Section: Staff Profiles
Thursday 09:00-11:00
Iain completed his first degree in 1985 in History at Gonville and Caius College, Cambridge, before beginning an investment banking career in London and Hong Kong, specialising in emerging bond markets. He came to Edinburgh in 2001 to complete a part-time MSc in International and European Politics, before completing a PhD in 2003-07. His PhD examines the links between the financialization of government bond markets and emerging market government policy autonomy, focusing on case studies Brazil, Lebanon and Turkey. He also works with Donald Mackenzie on the sociology of financial markets.
Iain’s research interests include issues surrounding financial globalization, especially financialization and varieties of financial capitalism, focusing on the implications for both developed and developing countries. He is a member of the International Politics Research Group.

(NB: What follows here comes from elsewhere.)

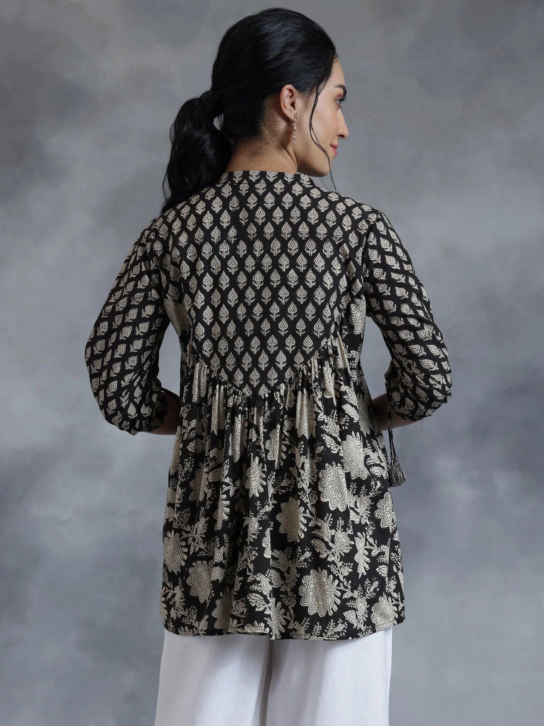 Black Printed Cotton A-Line Kurti
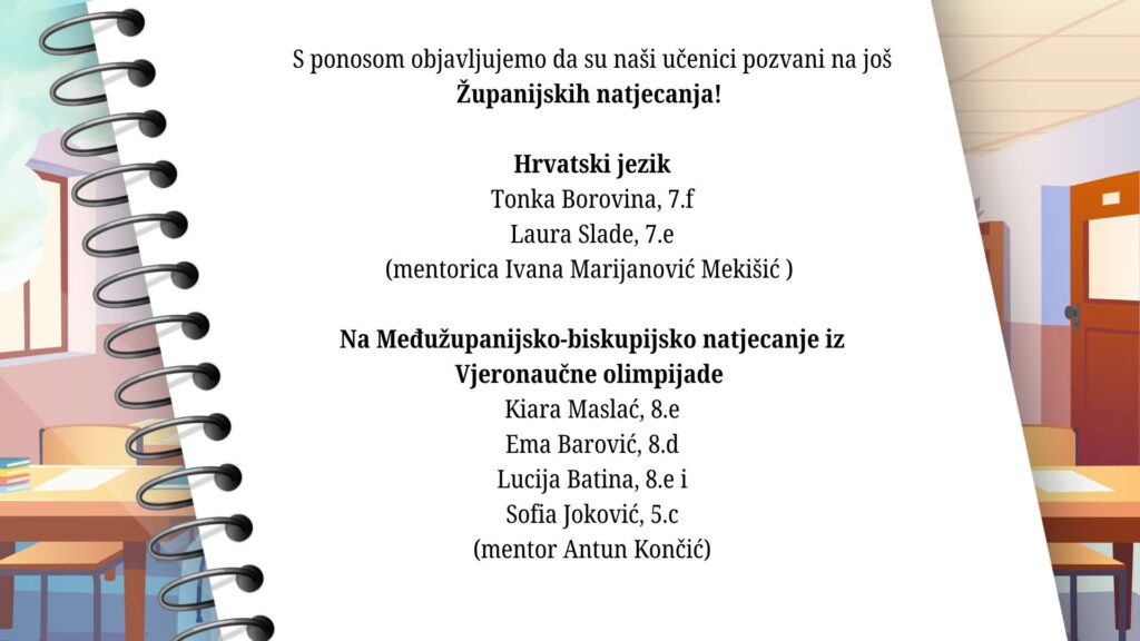 Zahvaljujući znanju, trudu i ustrajnosti, naši su učenici izborili plasman na županijska natjecanja.

'Die Krise but not La Crise? The Financial Crisis and the Transformation of German and French Banking Systems' in Journal of Common Market Studies 2009 (coauthored with David Howarth); 'The EU and Climate Change Policy: Law, Politics and Prominence at Different Levels' in Journal of Contemporary European Research 2008 (coauthored with Chad Damro and Donald Mackenzie); ‘Constructing the Market Frame: Distributed Cognition and Distributed Framing in Financial Markets’ in New Political Economy 2007 (coauthored with Donald MacKenzie); ‘Assembling an economic actor: the agencement of a Hedge Fund’ in The Sociological Review 2007 (coauthored with Donald MacKenzie);‘A Price is a Social Thing: Towards a Material Sociology of Arbitrage’ in Organization Studies 2006 (coauthored with Daniel Beunza and Donald MacKenzie); ‘The power of the markets? The international bond markets and the 2002 elections in Brazil’ in Review of International Political Economy 2006; ‘The sociology of arbitrage: a comment on MacKenzie’ in Economy and Society 2004.
Iain teaches Honours and MSc courses in International Political Economy.
Iain welcomes enquiries from prospective students interested in research into issues surrounding the politics of markets, particularly financial markets, and on the impact of financialization.